= Christian Mégret =

French journalist and writer (1904–1987)

Christian Mégret (/fr/; 11 November 1904, Vincennes – 1987), was a 20th-century French journalist and novelist, winner of the Prix Femina in 1957.

==Life==
Christian Mégret began his career as a colonial administrator in Togo, which inspired his first novel Anthropophages ('Cannibals') which appeared in 1934. He became a journalist at Jour in 1933 and then at Carrefour in 1945. He led a parallel career as a novelist, and in 1957 was awarded the Prix Femina for his work Le Carrefour des solitudes.

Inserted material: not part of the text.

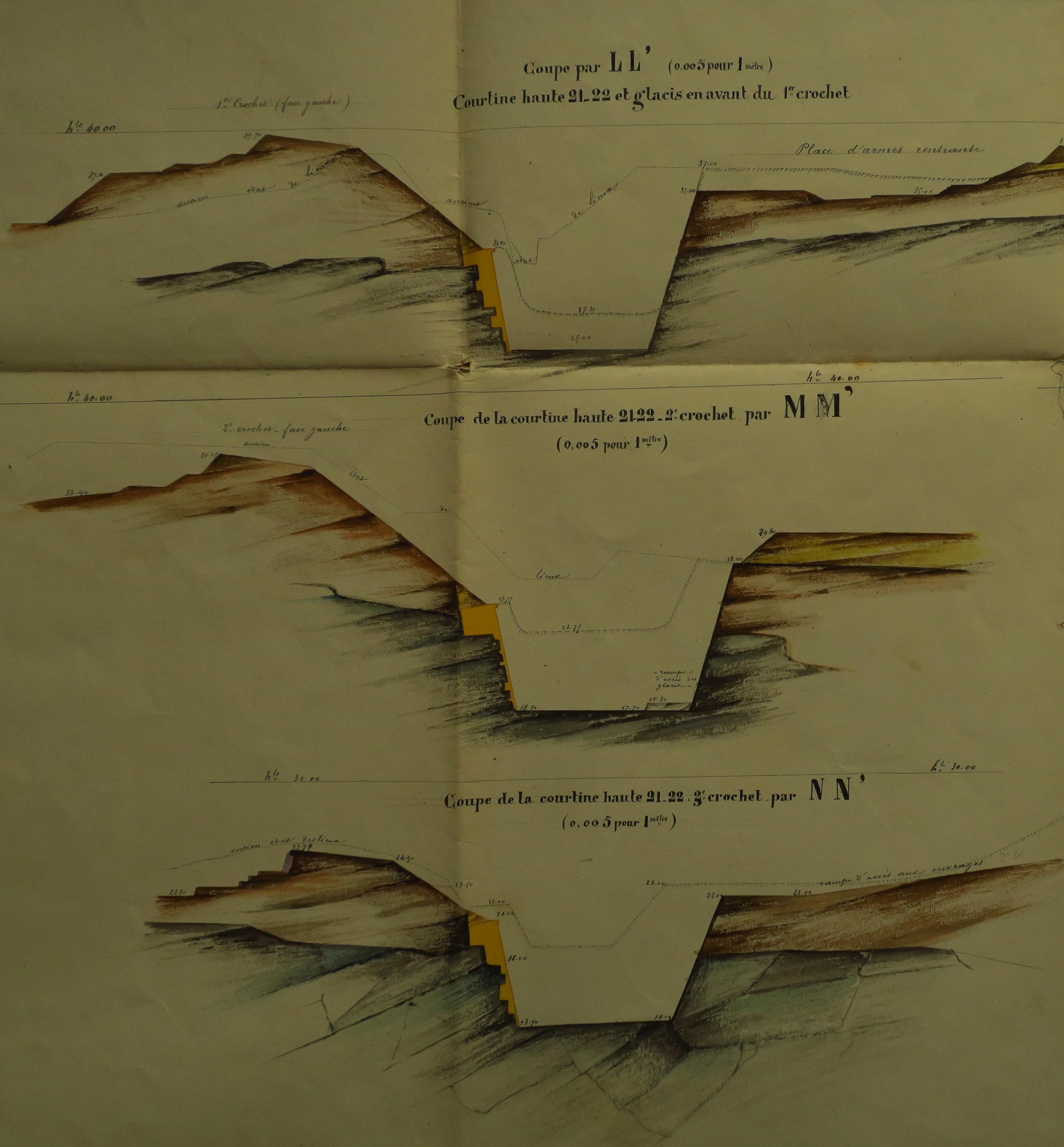 Service historique de la Défense, département Armée de Terre, Vincennes. Archives du Génie ; Article 8, Places françaises et d'Algérie : 1 VH 297, Place de Belle-Île-en-Mer, projets et dépenses annuels, 1862-1875. Direction du Génie de Brest, Place de Belle-Ile, feuille n° 4 des projets pour 1866-1867, courtine 21-22, 7 mars 1866.

His lovers included Princess Ghislaine de Polignac, whose intimate knowledge of the relationship of Baron de Redé and Arturo Lopez enabled Mégret to pen Danaë, a roman à clef based on the pair.

==Works==
- Anthropophages, éditions Or (1934)
- Ils sont déjà des hommes, Librairie Fayard Arthème (1938)
- Les Fausses Compagnies, Plon (1939)
- Jacques, Plon (1941)
- L'Absent, Plon (1946)
- Carte forcée, Plon (1947)
- C'était écrit, Plon (1948)
- Danaë, Editions Robert Laffont (1953)
- Le Carrefour des solitudes, Editions René Julliard (1957)
- Haïssable moi, Grasset (1963)
- Les Chimères bleues de Chandernagor, Robert Laffont (1964)
- Un agent double, Gallimard (1967)
- J'ai perdu mon ombre, Denoë (1974)
- La Croix du sud, Beetle editions (1984)
- Les Liens du sang, Vertigo editions (1985)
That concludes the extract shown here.